Lo saben en toda Ucrania, el ejemplo más crudo lo pone el principal puerto del mar Azov. Mariúpol está destruida y todavía quedan en su interior 100.000 habitantes que suman semanas sin luz ni agua. Un asedio despiadado, un aviso para las siguientes plazas que pretendan resistir a la artillería del Kremlin, por más que Rusia anuncie que se centrará en la liberación del Donbás.
Aunque se ha frenado, el flujo de desplazados no se detiene. Rutas que, en su mayoría, nacen de una de las 1.400 estaciones de ferrocarril que conectan el territorio ucraniano y que colgaron el cartel de no hay billetes a la venta. Los asientos en las clases populares son gratis, el único precio es arriesgar la vida.
Nadie quiere que se repita el ataque de esta semana en la región de Dnipro, donde varios cohetes destruyeron una estación de ferrocarril matando a un civil y dañando las vías. No ha sido el único. Al menos otros dos trenes con desplazados fueron dañados en Kramatorsk y Kiev. Ferrocarriles que se mueven en dirección al oeste a un tercio de su velocidad habitual y a oscuras para evitar, dicen sus responsables, accidentes, y sortear riesgos.
Tanto ha cambiado el paisaje en estas semanas, que los grupos de soldados alrededor de los andenes llaman más la atención que las propias familias. Su objetivo no es otro que encontrar sujetos que huelan a ruso, o a desertor. Los varones entre 18 y 60 años no pueden salir del país y cualquier movimiento extraño que los aleje de las ciudades crea sospechas.
No importa que la mayoría de unidades de Defensa Territorial estén al completo sin capacidad para integrar nuevos reclutas. Hace 30 días faltaban manos para empuñar fusiles, ahora faltan fusiles para todos los ciudadanos dispuestos a defender su tierra.

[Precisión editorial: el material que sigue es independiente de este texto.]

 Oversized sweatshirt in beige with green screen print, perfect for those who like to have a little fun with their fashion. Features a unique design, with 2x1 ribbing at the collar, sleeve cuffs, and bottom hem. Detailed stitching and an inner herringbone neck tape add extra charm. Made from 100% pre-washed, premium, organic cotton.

Aunque no todos están dispuestos. "Si Rusia aprieta –dice Mykhailo esperanzado en el mismo hostal en el que lleva atrincherado tres semanas— habrá menos soldados ucranianos en la frontera". Como él, muchos otros aguardan en Lviv su momento para escapar. La ciudad actúa de facto como capital en el exilio. La mejor política es no ser atrapado y confiar lo justo en los grupos de Telegram que anuncian rutas directas a puestos de control extranjeros.

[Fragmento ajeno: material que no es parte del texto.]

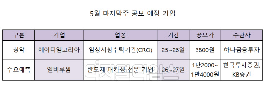 공모주 청약 시장의 활황 지속 여부의 시험대는 임상시험수탁기관(CRP)인 에이디엠코리아가 맡는다. 5월 마지막 공모 청약이다. 에이디엠코리아는 기관투자자 대상 수요예측에서 1515.98대 1의 경쟁률로 공모가를 희망 범위 최상단을 초과한 3800원으로 확정했다. 25일부터 이틀간 112만5000주에 대해 일반 투자자 대상 청약을 받은 뒤 다음달 중 상장할 예정이다.

Es tiempo de cautela nacional. Las sirenas antiaéreas no dejan de sonar en la mayoría de ciudades, si bien poca gente corre a resguardarse. En la perla del Mar Negro nadie quiere hacer caso. En el oeste, menos.
Son días en los que empieza la verdadera primavera. Lo celebran en Leópolis donde peluches gigantes se hacen fotos con niños, músicos callejeros inundan las esquinas y parejas pasean de la mano ajenas a la guerra. Lo celebran en la playa de Odesa vecinos cansados del frío húmedo con el que empezó el mes. Lo celebran en Kiev algunos confiados que vuelven a las calles.
Sin embargo, el ejército no está tan contento. Las recuperaciones de Hostomel, Chuhuiv, Makariv, la limpieza de Irpin, la victoria en Voznesensk o el territorio recuperado en Mykolaiv brillan más bajo el sol, pero calman el mar y secan el barro.
Para muchos la no victoria rusa es un triunfo para Ucrania, sin embargo, las fuerzas invasoras comienzan a fijar posiciones preparando una guerra larga. No está claro a quién beneficia el tiempo, pero lo evidente es la multiplicación de explosiones en el sur, la proliferación de alarmas antiaéreas y el silencio del ejecutivo de Zelenski. En ciudades como Dnipro y Mykolaiv, las morgues viven jornadas en las que ya no quedan bolsas. Una cosa son los metros y otra los muertos.
La invasión se ralentiza como los trenes en Ucrania, pero la moral no cae ni con hermanos, hijos y padres volviendo a Lviv en un cajón de madera. Los funerales se suceden, los medios locales hablan del "nuevo héroe caído". El nombre no importa, como tampoco a Occidente el rostro de peones que caen en el tablero de la geopolítica. Debates viejos en conflictos nuevos. Todo ha cambiado y nada lo ha hecho. Tan solo se ha cumplido el primer mes de guerra.